Busulfan has always generated significant setbacks as a conditioning regimen, Azar noted, in large part due to its impact on fertility.

“We grieve”

“This new announcement is disappointing, and we grieve for the tragic loss of any of our warriors. It’s very important that our warriors do not lose hope in light of this,” Azar said.

“This is the type of information that allows us to continue to hone our tools and assure that we are delivering better and safer therapies for sickle cell disease,” Azar added. “I encourage patients to reach out to their sickle cell providers to discuss this news.”

Vivien Sheehan, MD, PhD, director, translational sickle cell disease research at Emory University School of Medicine, told GEN, that researchers would prefer to replace busulfan as a preconditioning agent if they could.

“The potential loss of fertility and mucositis are certainly concerning to patients. An immunotherapy approach would be preferred,” Sheehan said.
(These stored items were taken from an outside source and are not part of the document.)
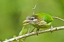 The leafbirds are small, bulbul-like birds. The males are brightly plumaged, usually in greens and yellows.
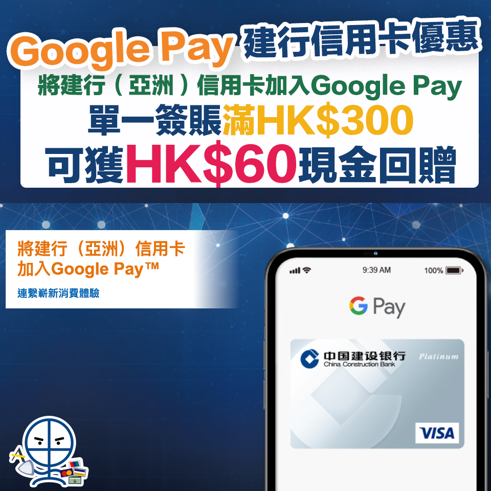 【Google Pay CCB建行信用卡優惠】綁定建行(亞洲)Visa及萬事達卡信用卡憑Google Pay單一簽賬滿HK$300享HK$60現金回贈
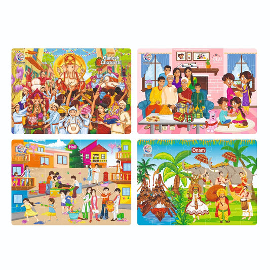 Ratna's 4 in 1 Indian Festivals Jigsaw Puzzle for Kids. 4 Jigsaw Puzzles with 35 Pieces Each (Ganesh CHATURTHI, RAKSHA BANDHAN, Holi & ONAM)
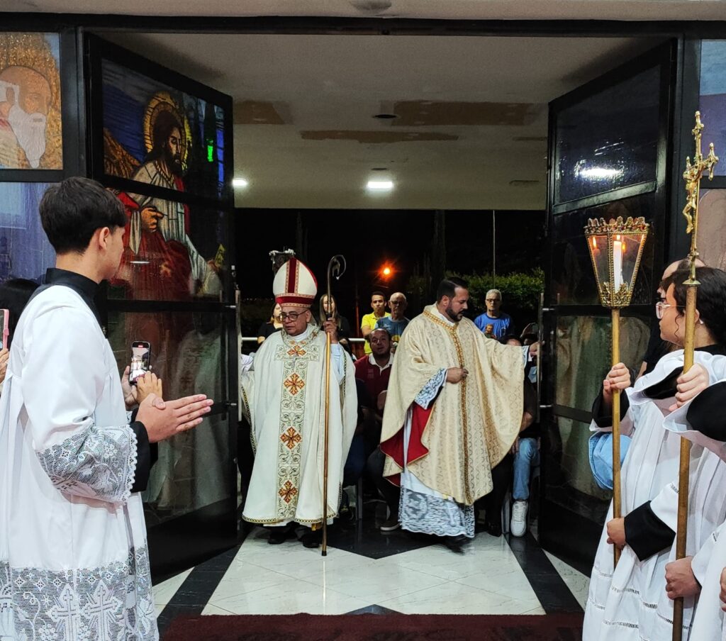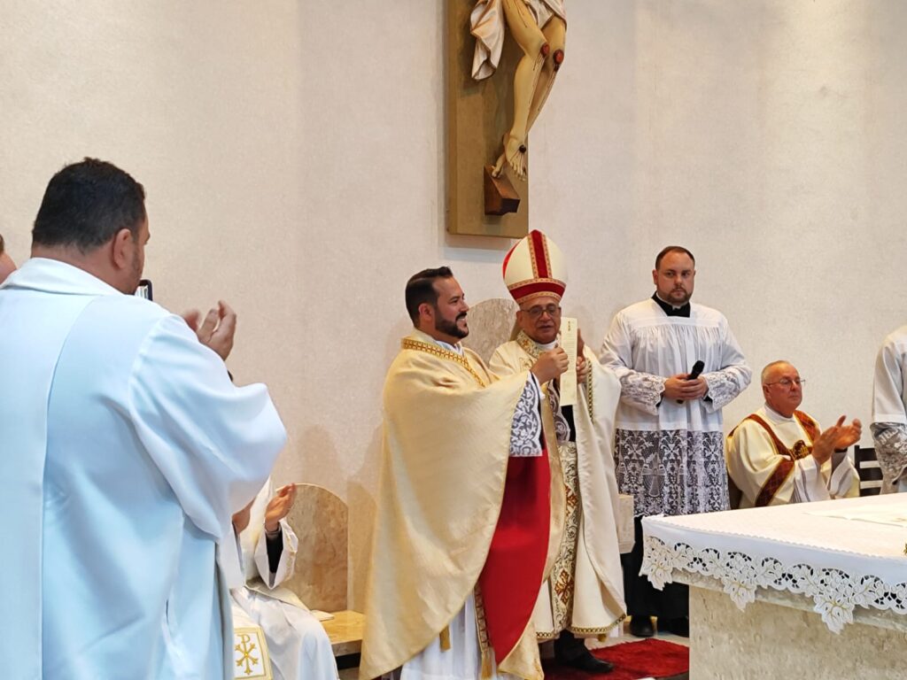 Durante a celebração, foi feita a leitura da provisão, ocasião em que Dom Francisco entregou ao Padre Fabiano a chave da igreja, um símbolo de acolhimento e responsabilidade. Essa chave representa o acesso ao espaço sagrado.

Sheehan cited the use of anti-CD117a and melphalan in other trials of SCD therapies, by researchers who reasoned that the approaches resulted in lower toxicity.

Among genetic therapy developers that have worked to create nongenotoxic autologous ex vivo HSC therapies is Beam itself. Its nongenotoxic approach, called ESCAPE, uses base editing to prevent the gene-edited HSCs from producing an antibody, c-Kit (CD117), which is antagonistic to an essential HSC growth factor called stem cell factor.
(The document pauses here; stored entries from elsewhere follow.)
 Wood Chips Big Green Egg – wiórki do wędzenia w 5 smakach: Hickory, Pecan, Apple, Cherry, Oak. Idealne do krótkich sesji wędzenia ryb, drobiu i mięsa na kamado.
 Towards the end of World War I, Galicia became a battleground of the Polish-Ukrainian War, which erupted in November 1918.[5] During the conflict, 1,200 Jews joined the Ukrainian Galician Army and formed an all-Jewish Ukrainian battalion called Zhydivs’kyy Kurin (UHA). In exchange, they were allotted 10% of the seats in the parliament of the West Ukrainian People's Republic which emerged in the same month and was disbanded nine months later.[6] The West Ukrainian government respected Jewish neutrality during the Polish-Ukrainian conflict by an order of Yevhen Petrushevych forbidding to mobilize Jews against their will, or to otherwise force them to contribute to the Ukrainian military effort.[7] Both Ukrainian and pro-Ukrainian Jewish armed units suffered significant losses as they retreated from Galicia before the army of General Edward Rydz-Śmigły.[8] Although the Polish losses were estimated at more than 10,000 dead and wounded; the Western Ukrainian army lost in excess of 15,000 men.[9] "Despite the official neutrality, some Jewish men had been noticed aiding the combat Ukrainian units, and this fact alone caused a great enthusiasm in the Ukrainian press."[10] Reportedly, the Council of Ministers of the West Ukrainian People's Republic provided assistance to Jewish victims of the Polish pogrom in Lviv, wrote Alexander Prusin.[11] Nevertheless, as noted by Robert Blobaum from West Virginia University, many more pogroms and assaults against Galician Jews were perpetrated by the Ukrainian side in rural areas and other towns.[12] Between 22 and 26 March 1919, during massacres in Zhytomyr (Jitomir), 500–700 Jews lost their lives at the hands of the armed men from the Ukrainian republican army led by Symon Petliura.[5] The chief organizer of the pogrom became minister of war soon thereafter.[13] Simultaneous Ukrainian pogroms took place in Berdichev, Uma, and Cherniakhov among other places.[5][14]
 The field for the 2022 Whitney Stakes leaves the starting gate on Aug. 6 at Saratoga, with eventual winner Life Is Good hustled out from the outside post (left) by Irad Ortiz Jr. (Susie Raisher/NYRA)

Blocking this binding is designed to starve the cell, preventing proliferation and growth. As a result, unedited resident HSCs will be inhibited by the antibody, while the edited transplanted HSCs will be free to grow. Importantly, the edit only alters a single amino acid in CD117, which allows the receptor to still function by binding to other growth factors critical for the development of hematopoietic lineages.

Mephalan is designed to impede the growth of cancer cells, which are eventually destroyed by the body. However, the growth of normal cells may also be affected by melphalan, which is sold under the brand name Evomela® by Acrotech Biopharma and as Alkeran® by GlaxoSmithKline (GSK).
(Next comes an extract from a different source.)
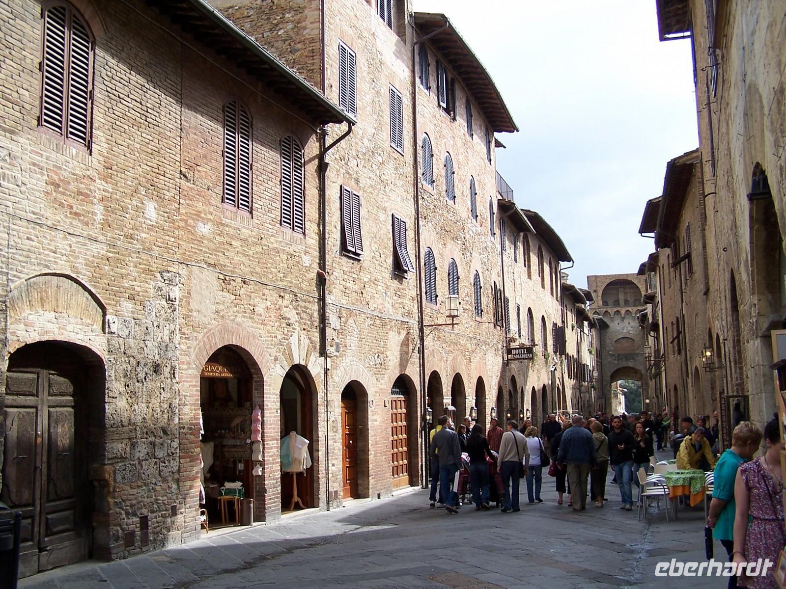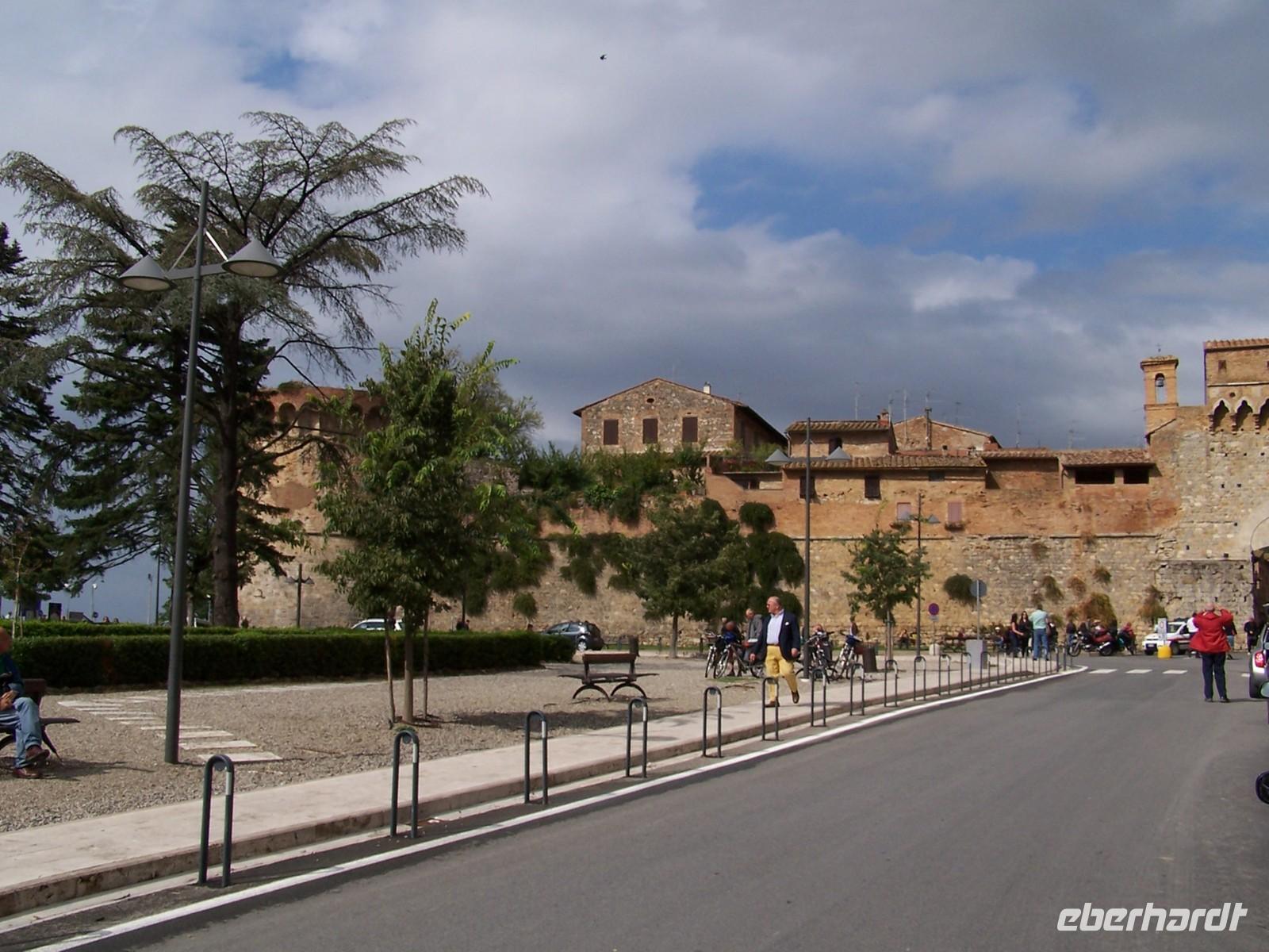 Am Morgen fuhren wir nach dem Kofferladen von Montecatini Terme zum Bahnhof in Empoli. Hier waren wir mit Herrn Cartechini verabredet, der uns den schmalen Feldweg zu seinem Weingut lotste. Dort wurden wir von zwei Generationen Weinbauern empfangen. Zunächst konnten wir uns auf der Terrasse einen Überblick über die Weinberge und den Olivenhain verschaffen. Die sich daran anschließende Verkostung war einfach fantastisch. Neben Schinken und Wurst wurde auch Käse zur Weinverkostung gereicht. Es war eine ausgezeichnete Stimmung und nach zwei Stunden fiel allen Gästen die Verabschiedung schwer. Dafür hatten alle als kleinen Trost Weinflaschen im Gepäck. Unser nächstes Ziel war die mittelalterliche Stadt San Gimignano. Schon von weitem sieht man die Geschlechtertürme aus der Silhouette der Stadt herausragen. Unsere Stadtbesichtigung war eine Reise in die Vergangenheit. Seit über 700 Jahren ist an dieser Stadt nichts grundlegendes verändert worden. Nach unserem Rundgang hatten wir wieder Freizeit für eigene Entdeckungen und Einkäufe. Am späten Nachmittag setzten wir dann unsere Fahrt an die etruskische Riviera und zu unserem Übernachtungsort San Vincenzo fort.

“I don’t think they will supplant busulfan,” Sheehan added.

Ex vivo therapy

BEAM-101 is an ex vivo therapy designed to produce base edits that are intended to potentially alleviate the effects of sickle cell disease by mimicking genetic variants seen in individuals who have hereditary persistence of fetal hemoglobin.

During Beam’s third-quarter earnings call, executives said the cause of idiopathic pneumonia syndrome was based on the timing and extensive clinical work-up on the patient.

Before the death, the patient’s blood appeared to be correcting and normalizing, suggesting the BEAM-101 drug product was working, Sami Corwin, PhD, an analyst with William Blair, highlighted from the call in a research note.

“While the patient death is unfortunate, we see the event as highlighting the need for less-toxic preconditioning options,” Corwin observed.

According to Beam, no Grade 3 or higher adverse events (AEs) or serious AEs related to treatment with BEAM-101 were seen in any of the six patients dosed with the treatment. The initial safety profile for the patients was consistent with busulfan conditioning and autologous hematopoietic stem cell transplantation (HSCT).

All six dosed patients achieved their target cell dose with either 1 or 2 mobilization cycles.

The four patients who had one month or more of follow-up achieved neutrophil engraftment at a median of 17 (15–19) days, and platelet engraftment at a median 20 (11–34) days. All four patients experienced rapid and robust fetal hemoglobin (HbF) induction by Month 1 (>60%) and corresponding sickle hemoglobin (HbS) reduction (≤36%) in non-transfused blood, which was sustained over time, Beam reported.